Angela Duckworth provides insight on this topic in her book. From Grit: The Power of Passion and Perseverance:
…[D]ogged perseverance toward a top-level goal requires, paradoxically perhaps, some flexibility at lower levels in the goal hierarchy. It's as if the highest-level goal gets written in ink, once you've done enough living and reflecting to know what that goal is, and the lower-level goals get written in pencil, so you can revise them and sometimes erase them altogether, and then figure out new ones to take their place.
This is the point of the Mount Everest exercise I've written about. For years, my workshops and keynotes have invariably begun with some treatment of the Everest concept because our highest-level goals make all the lower-level, day-to-day decisions easier. As Duckworth says, these top-level objectives “get written in ink,” and then the lower-level stuff gets penciled in. And it just so happens that this is a great time of year to ponder our ink-worthy goals.
Let's look at how this works using a top-level goal from my life that you might be familiar with. As a teacher, my top-level goal is to promote the long-term flourishing of my students through constantly aiming to teach them how to be better thinkers, readers, writers, speakers, and people. (That list of five things at the end is the Non-Freaked Out Framework, which is the diagram inside of Figure 1, below.)
Once you have your top-level goal, you plan down from there as far as need be. (See Figure 2.)
What are the top-level goals of your life?
It's useful to have these for your teaching career, but I think it's even more useful to have these defined for all of your life.

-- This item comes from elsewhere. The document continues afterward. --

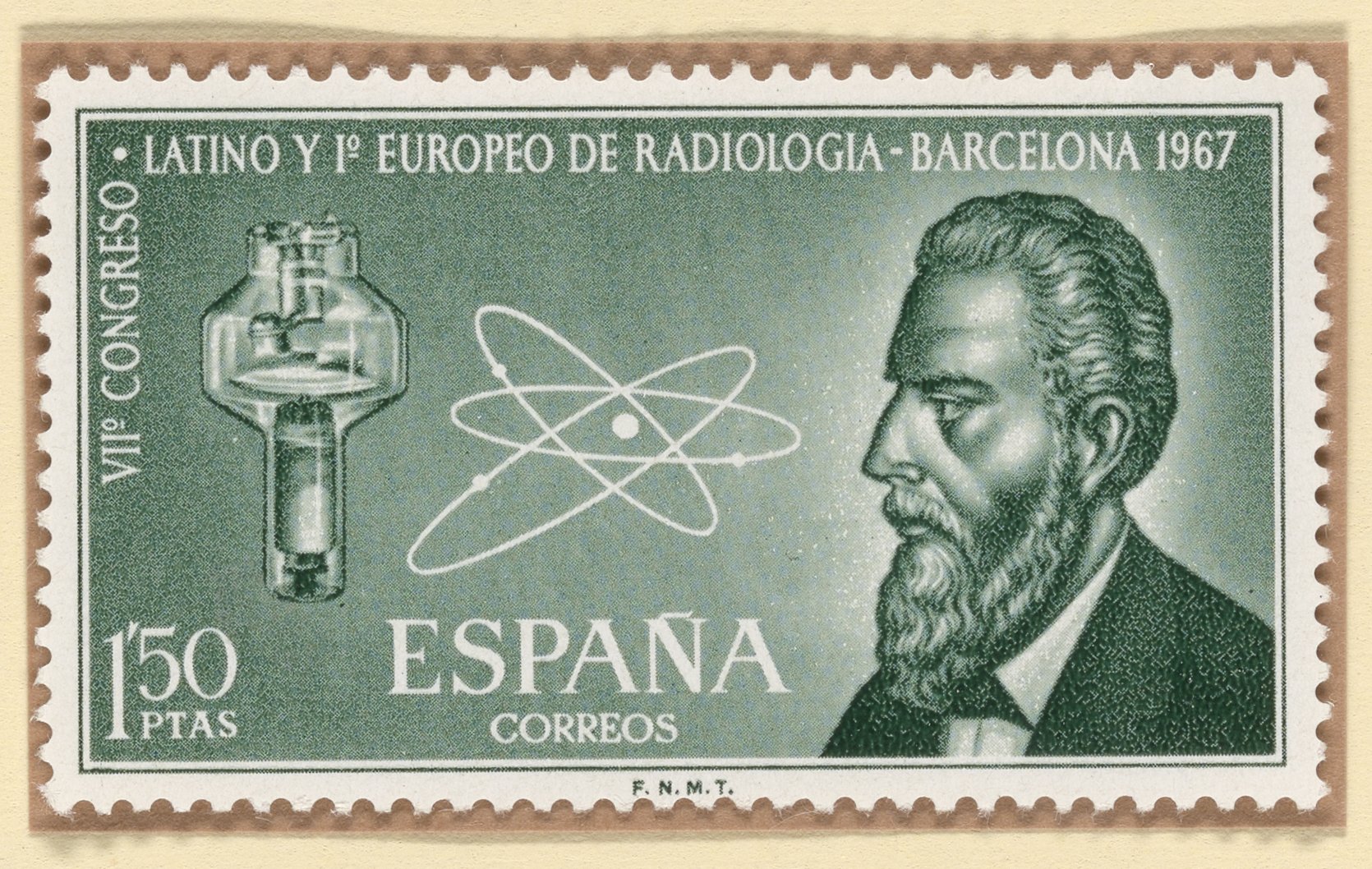 Spanish stamp commemorating the Seventh Latin and First European Congress of Radiology, held in Barcelona in 1967. The stamp features an atomic model, an X-ray tube, and Wilhelm Conrad Röntgen (1845-1923), the German physicist who discovered X-rays and the first recipient of the Nobel Prize in Physics.

The clearer you can be on all of the top-level goals that animate you, the better you can make hard decisions about how to spend your time and efforts each day.
So for me, there are a few other ink-level goals that demand my time.
- At the broadest, “Dave Stuart as a man” level, I want to be a good, faithful, and wise steward of the great hoard of treasure I feel I've been given in the form of my relationship with Crystal, my precious children, my work as a teacher, my work as a writer, and my wealth as a middle-class American.
- The lower-level goals here would answer questions like, “How, Dave, do you invest your wealth? How do you bless Crystal and get to know her better and better? How do you draw the gifts from your children, develop their character, and send them into the world as capable, caring adults? How do you make the most of your lifetime earnings?” And so on.
- As a writer, I want to create an enduring improvement in the rate that humans flourish, and I do that through helping teachers think more clearly and stay in teaching until the effort starts paying off.
- Teaching gives me a chance to do this, but not at the scale that I think is needed. If the best people become and remain teachers, and if those of us older folks can help guide them to think in a disciplined, focused manner about what it is we're doing here in the first place, then long-term flourishing will increase.
Now, go to it — what are the top-level, ink-worthy goals of your life?